その実践活動として「砂川地域のまち歩き―地域福祉の視点から安心・安全をめざして―」というプログラムを毎年継続してきました。このプログラムを実践する目的は二つあります。
まず一つには、学生が問題発見能力を習得することです。この砂川地域は、多くの学生にとってこれまでほとんど知らなかった町であり、どのような方々が暮らしておられるのかもわからない町です。
このように全く先入観のない町を歩くことを通して、新しい発見をして欲しい、まさにバリアフリーという視点から気づいて欲しいのです。
そして問題があるとすれば、それはどうすれば解決に繋がるのか、そのための情報はどこへ行けば入手できるのか、グループで討議したうえ、自分たちで行動すること、それが現実社会に迫るということです。

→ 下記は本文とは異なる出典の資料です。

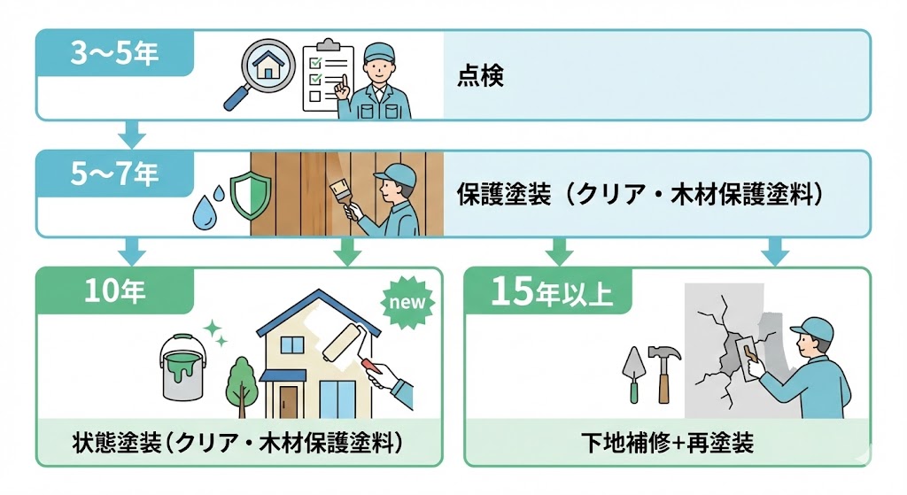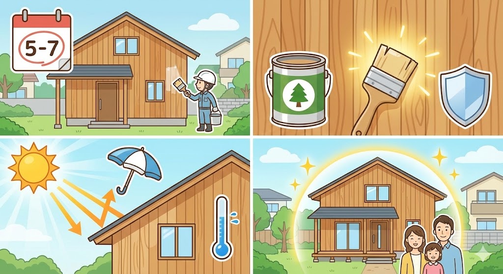 ✅ 結論|木質外壁は「5〜10年周期の保護塗装」が長持ちの鍵

もう一つは、問題解決に至るプロセスを学ぶことです。たとえ問題が発見できたとしても、それは自分たちだけの勝手な思いこみに過ぎないかもしれない。その同意や反証を得るため地域の方々に学生たちの考えを話してみるというインタビュー形式による実践を試みることです。
活動内容
まち歩きを行なったA〜Fグループの内、Bグループの報告事例
活動の成果
今年度は、ささやかな成果もありました。ある交差点で見かけた破損状態の点字ブロックが、学生の連絡を通じて改修されました。一般市民からの自主的な連絡によって改善され、視覚障がいの方が安心して歩くことに繋がりました。
学生にはこのプログラムに参加することを通して、生活者の視点で町を眺めてみるという態度が身についたようです。ゼミ生のなかには、自分の住む地域を対象に、この手法を活用して卒業論文をまとめた学生が現れました。
また、企業の就職面接時にまち歩きの経験を語って好印象を得た学生もいます。ほんの小さな試みに過ぎませんが、この経験を通して一つのテーマで地域社会をみつめることは、問題発見からその解決に向かう考え方を養うことに繋がったと確信します。